SUPPLIED RECORDS
────────────────────────────────────────

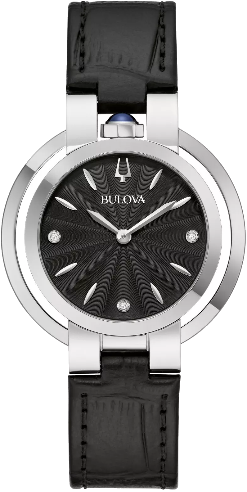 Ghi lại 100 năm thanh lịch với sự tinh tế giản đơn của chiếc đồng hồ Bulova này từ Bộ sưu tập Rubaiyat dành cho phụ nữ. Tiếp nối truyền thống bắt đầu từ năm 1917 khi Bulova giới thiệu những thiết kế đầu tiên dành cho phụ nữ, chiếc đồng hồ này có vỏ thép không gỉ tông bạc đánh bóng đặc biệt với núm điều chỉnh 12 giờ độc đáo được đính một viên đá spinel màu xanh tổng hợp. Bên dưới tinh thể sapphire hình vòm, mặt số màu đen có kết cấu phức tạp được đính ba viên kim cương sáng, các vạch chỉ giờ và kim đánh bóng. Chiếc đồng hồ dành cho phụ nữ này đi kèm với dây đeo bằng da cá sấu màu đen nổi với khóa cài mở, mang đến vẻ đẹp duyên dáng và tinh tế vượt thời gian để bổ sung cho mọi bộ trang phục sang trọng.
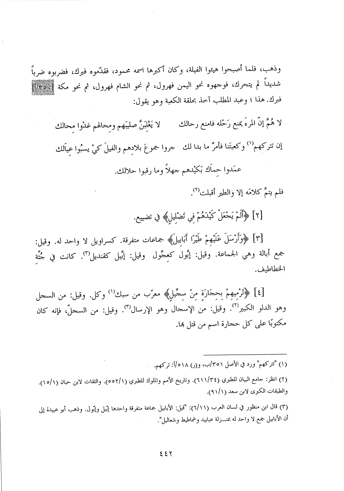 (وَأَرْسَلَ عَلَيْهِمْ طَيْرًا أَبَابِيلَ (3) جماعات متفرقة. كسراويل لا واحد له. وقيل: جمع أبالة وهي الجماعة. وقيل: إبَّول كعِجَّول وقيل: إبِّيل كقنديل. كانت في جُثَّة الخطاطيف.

────────────────────────────────────────

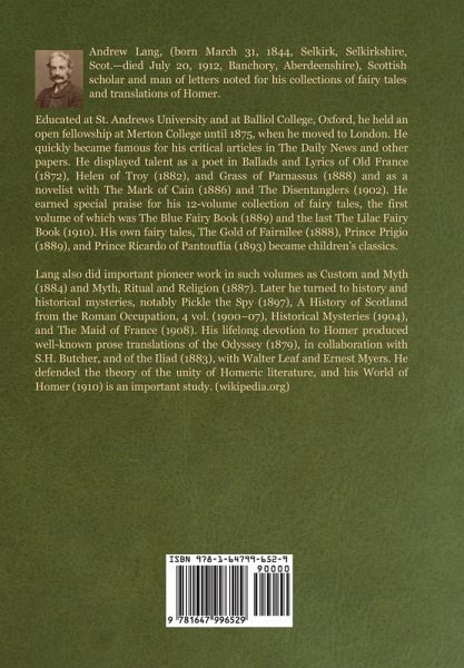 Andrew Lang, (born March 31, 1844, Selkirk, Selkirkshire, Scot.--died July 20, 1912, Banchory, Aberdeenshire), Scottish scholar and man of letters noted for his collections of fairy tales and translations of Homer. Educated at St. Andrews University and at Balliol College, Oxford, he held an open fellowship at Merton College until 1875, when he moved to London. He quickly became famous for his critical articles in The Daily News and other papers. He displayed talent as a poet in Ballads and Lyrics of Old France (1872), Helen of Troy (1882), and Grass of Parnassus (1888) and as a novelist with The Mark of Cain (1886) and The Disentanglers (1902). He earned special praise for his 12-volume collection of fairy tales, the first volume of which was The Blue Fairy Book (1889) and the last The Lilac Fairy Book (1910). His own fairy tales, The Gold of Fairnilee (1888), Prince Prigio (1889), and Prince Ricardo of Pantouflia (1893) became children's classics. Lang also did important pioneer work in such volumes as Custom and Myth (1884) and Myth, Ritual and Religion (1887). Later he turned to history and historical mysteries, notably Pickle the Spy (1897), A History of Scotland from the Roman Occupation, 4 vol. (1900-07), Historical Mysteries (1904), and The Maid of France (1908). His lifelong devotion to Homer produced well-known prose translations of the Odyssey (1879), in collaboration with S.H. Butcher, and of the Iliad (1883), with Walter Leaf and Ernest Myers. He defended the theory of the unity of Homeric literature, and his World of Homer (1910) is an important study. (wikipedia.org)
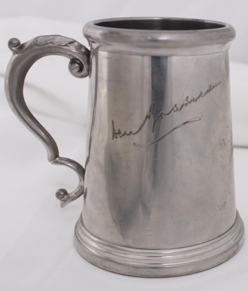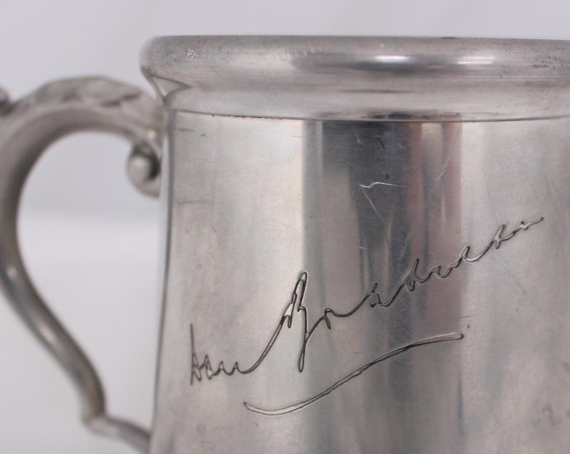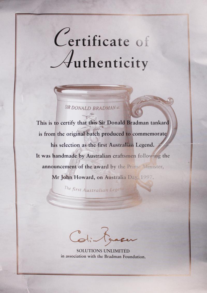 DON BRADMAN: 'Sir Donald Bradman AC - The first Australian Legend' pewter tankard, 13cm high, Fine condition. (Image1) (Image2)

────────────────────────────────────────

PROBLEM TO WORK ON
Repeat, without pictures, exactly the lines of the data above from the one containing "Ghi lại 100" through the one containing "(وَأَرْسَلَ عَلَيْهِمْ طَيْرًا", including both and adding nothing.

ANSWER TO THIS PROBLEM
 Ghi lại 100 năm thanh lịch với sự tinh tế giản đơn của chiếc đồng hồ Bulova này từ Bộ sưu tập Rubaiyat dành cho phụ nữ. Tiếp nối truyền thống bắt đầu từ năm 1917 khi Bulova giới thiệu những thiết kế đầu tiên dành cho phụ nữ, chiếc đồng hồ này có vỏ thép không gỉ tông bạc đánh bóng đặc biệt với núm điều chỉnh 12 giờ độc đáo được đính một viên đá spinel màu xanh tổng hợp. Bên dưới tinh thể sapphire hình vòm, mặt số màu đen có kết cấu phức tạp được đính ba viên kim cương sáng, các vạch chỉ giờ và kim đánh bóng. Chiếc đồng hồ dành cho phụ nữ này đi kèm với dây đeo bằng da cá sấu màu đen nổi với khóa cài mở, mang đến vẻ đẹp duyên dáng và tinh tế vượt thời gian để bổ sung cho mọi bộ trang phục sang trọng.
 (وَأَرْسَلَ عَلَيْهِمْ طَيْرًا أَبَابِيلَ (3) جماعات متفرقة. كسراويل لا واحد له. وقيل: جمع أبالة وهي الجماعة. وقيل: إبَّول كعِجَّول وقيل: إبِّيل كقنديل. كانت في جُثَّة الخطاطيف.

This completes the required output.